Jeremy Corbyn,
Leader of Her Majesty’s Opposition
House of Commons
Palace of Westminster,
City of Westminster

Dear Jeremy,

If the rumours in the hated mainstream media are to be believed, you will soon be seeking a replacement for your strategic support Seumas Milne to work with you towards the realisation of the Project. There is much to mourn in the departure of Seumas:

  • Irrespective of the obvious inevitability of some political objective’s failure, Seumas never sought to dissuade you or redirect your political energies to things the doubters suggested, like policy development, consultation or communication with anyone outside the party.
  • Even during the most tense crises, Seumas kept his glowering, deeply unsettling presence at the edge of meetings, coldly appraising the utterances all around you and making dissenters less likely to give their distracting ‘thoughts’.
  • Seumas, as was well known outside the office, did not eat or drink; the times when he appeared to do either were carefully choreographed efforts to put people at extreme unease, as his slow, methodical faux chewing or sipping were carefully developed efforts to make people consider whether their own consumption of food was bourgeois and self-indulgent.
  • He could see in the dark and wore ‘wheelie’ shoes so he appeared to glide about the office, to suddenly appear behind and scare the living fuck out of staffers.

Whilst it would be churlish to claim I can live up to the bounty brought to the party by Seumas Milne, I believe I have some qualifications which could have benefits for your new dispensation on leadership.

  • I am almost always extremely angry.
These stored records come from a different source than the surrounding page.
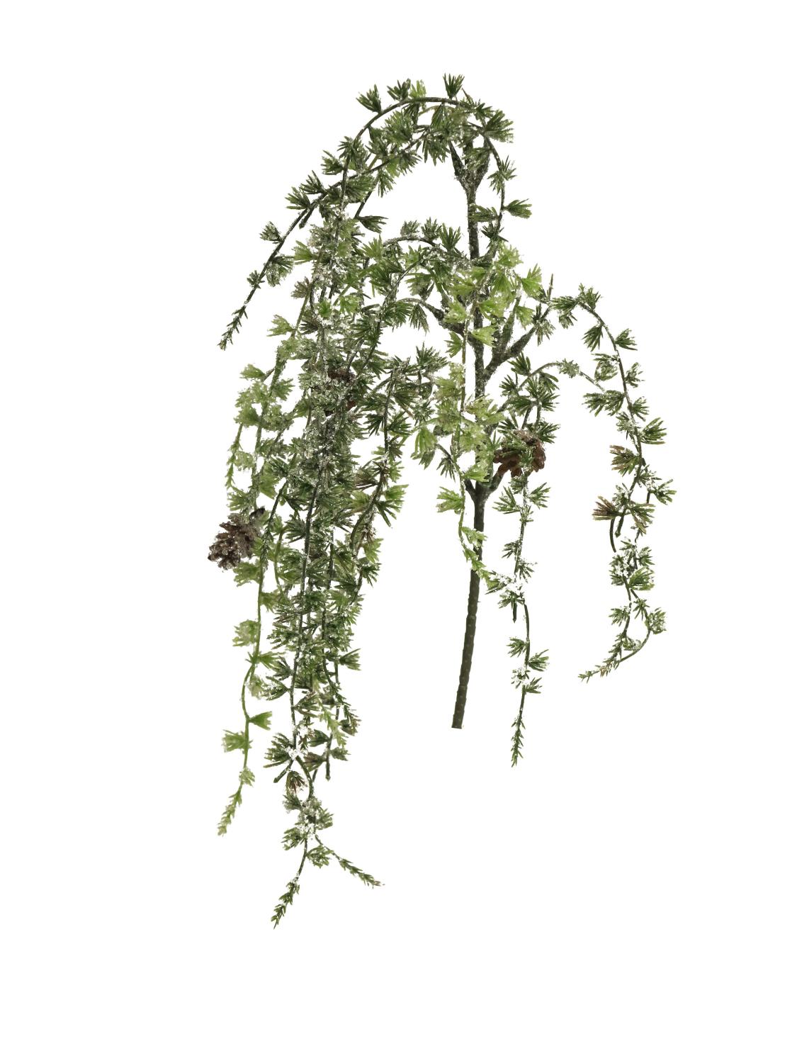 Dekorační modřínová větev NANZIA, zmrzlá, se šiškami, zelená, 80cm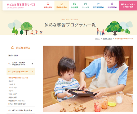 日本保育サービスが提供する多彩な学習プログラムをまとめて紹介するページを設けました。
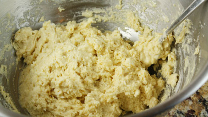 Step1Combine dry ingredients (flour, salt, baking powder) in a medium bowl and mix well. Then cut in the cold butter using either a fork or your clean fingers. Mix the butter into the flour until it's in little balls.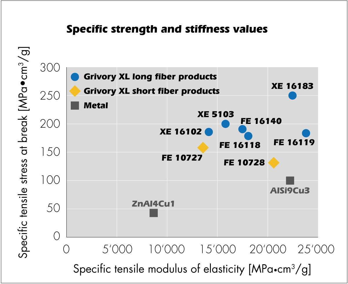 All these properties are offered by materials which have a very low density; the increased stiffness values do not result in an increase of mass of the component. In addition, the values for specific strength and stiffness are much higher than those of metals like zinc die cast. This makes the materials extremely attractive for light-weight construction.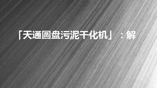「天通圆盘污泥干化机」:解决污泥问题的得力工具
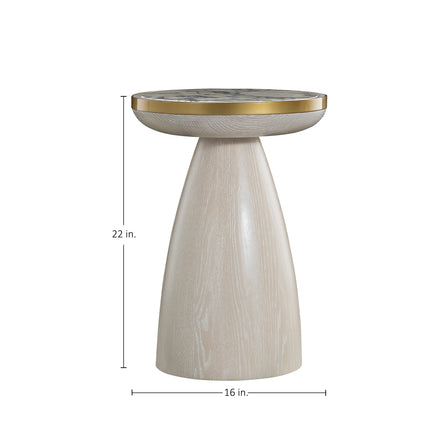 Cain Wood Round Marble Top Side Table - White, 16 in. W x 22 in. H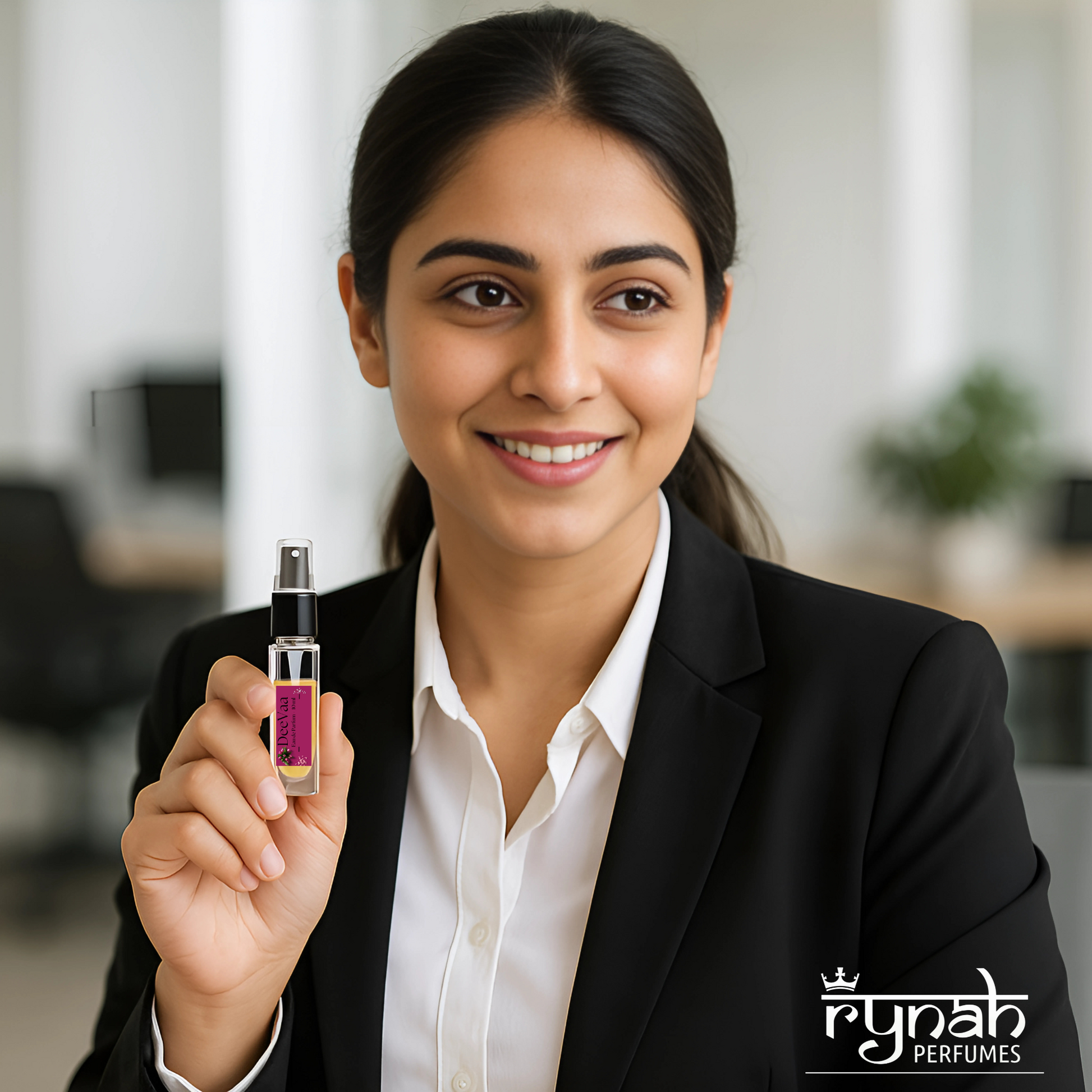 DeeVaa – A sophisticated floral-woody-musk fragrance, opening with tuberose, ylang-ylang, and violet leaf, enriched with jasmine, peach, and plum, and settled on a sensual base of sandalwood, vanilla, musk, amber, and vetiver.

Not your run-of-the-mill, confused anger. The kind of anger normally occasioned by someone borrowing but not replacing one’s screwdriver, or a plug that won’t quite go in even though you’ve found the earth-socket with your finger before trying to line it up, or the bourgeoisie controlling the means of production even though you’ve written columns detailing how this order is inevitably doomed.  The impotent, all-consuming rage I harbour almost always makes me worry that I will end up killing someone or wetting myself, or both.
  • When I am not experiencing my daily paroxysms of debilitating anger, I tend to relax with a glowering, brooding, dark malevolent presence which lingers long after I have left a room. My joyless, energy sapping demeanour, whilst it is nowhere near as personally scary as my default state, is still pretty troubling for all those around me. This seems to me in keeping with the tone you have set over the last twelve months, and is effortless for me. If there are still people in HQ needing their spirits crushed, I am just the person to do it.
  • I am the opposite of a populist.  I actively seek out popular opinions and, in detail, seek to tear these things apart. In recent times I have written articles warning against the petty bourgeois activity of breast-feeding, the risk to national production of an educated workforce and how awful sugar is. These are just examples, of course. I can also write stuff praising quasi-socialist dictators, ideological demagogues and opinion pieces blatantly misrepresenting my own position for the purposes of obfuscating an entirely accurate complaint against me. It’s possible you’ll have more use for these skills.
  • I have perfected a smile of disapprobation. This is an upgrade on Seumas’ tendency to simply sit entirely still and suddenly exit the room without anyone noticing him standing up, and is twice as creepy.

In short, Jeremy, I am exactly the sort of unhinged lunatic your campaign needs now to recover from the loss of Seumas Milne. My general creepiness and the majesty of my silent, dark spectre cannot fail to keep your headquarters operation in a state of chaos and suspended animation, just how you like it.

Give it some thought.  No need to give me a ring. Just think about me twice and I will be right behind you.